At that point he was in a three-way tie with Spieth and Morikawa leading at 11 (par) and seemed to face more problems when he landed a hard approach hit with a 5-iron at 15. But he bounced back and took a 15-yard hit to save the par, and then continued to birdie par-3 16th and finish the round more convincingly.

Oosthuizen says he should hit 6 irons instead of 5 irons at 15.

“It was the wrong club,” Oosthuizen said. “I hate making the wrong decisions. I don’t mind taking bad shots, but wrong decisions are within my control. I was a little upset there, but I quickly recovered and had a great ups and downs.”

Spieth also had plenty of quality mixing on Saturday, when he played South African Dylan Frittelli, who was once Spieth’s teammate at the University of Texas.

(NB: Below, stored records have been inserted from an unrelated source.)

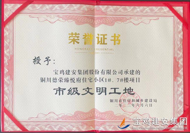 與此同時,由寶雞建安集團(tuán)第四分公司承建的銅川新區(qū)德榮臻悅府小區(qū)項目(距雍照華府項目5公里),也在此次活動中,被授予“銅川市文明工地“榮譽(yù)稱號。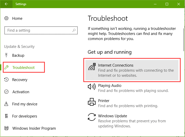 Step 2- Choose the Troubleshoot > Internet Connections.
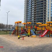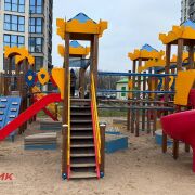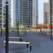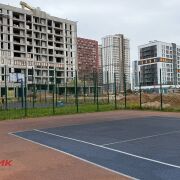 Во дворе — зелёная зона без машин, оборудованные детские площадки, теннисные корты и тренажёры для занятий спортом.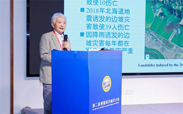 日本工程院院士、河北工业大学长江讲席教授,中国岩石力学与工程学会人工智能技术实用化专业委员会主任委员陈光齐做了题为"地震诱发边坡灾害的数值模拟与风险管理策略"的报告。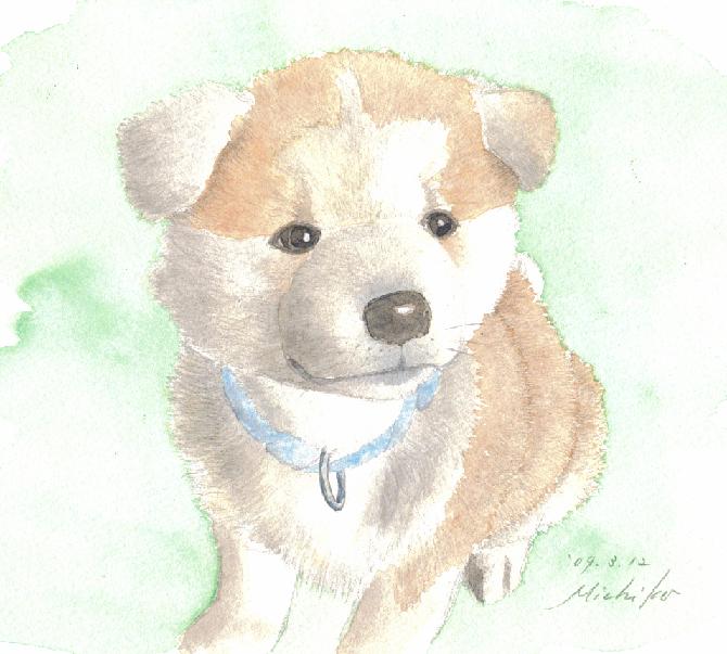 前回の、ミニチュアダックス「チェル」ちゃんの絵が、思いのほか喜んでいただけたので、調子に乗って、そのお隣の派遣仲間にも声をかけ、彼女の好みの「もこもこ系」のちっちゃな秋田わんこを描かせてもらった。きょう、原画を会社でお渡しする予定。彼女もまた、来週月曜日を最後に、今の職場を去ってしまう。春というのは、寂しいことがあっても耐えられるように、神様がたくさん花を咲かせてくれる季節にしてくれたのかも知れない。Kさん、Mさん、長い間、本当にありがとうございました。一緒に働けたこと、忘れません。

Spieth has repeatedly improvised solutions from deep rough and awkward postures. Aside from a great beat and a hot pitcher early in the round, he birdie at 2, 4, 6, 7 and 10 before falling back below 12, closing his eyes in pain when he couldn’t pierce his short par hit. 18.

The good thing is that she’s competing again at the British Open. where won More familiar British Open weather – rain and strong winds – at Royal Birkdale in 2017.

This was Spieth’s third major title, and after a long slump, he regained his pace and regained his confidence at age 27.

On Sunday, the pressure will rise again as there is more sunshine in the forecast.

Morikawa was asked who got on his nerves first.

“I can tell who is ready for now,” he said. “This is an opportunity for me to go out and hopefully get a great score and play really great golf in a major championship, a major I’ve never played, so that’s exciting.”

Oosthuizen has the most experience among the top three on the leaderboard, but also has the most scar tissue.

“He’s had it so many times,” Morikawa said of the latest tour pressure. “I’ve had it, I believe in myself, enough. So it’s not who cracked it. The one who will seize this opportunity.”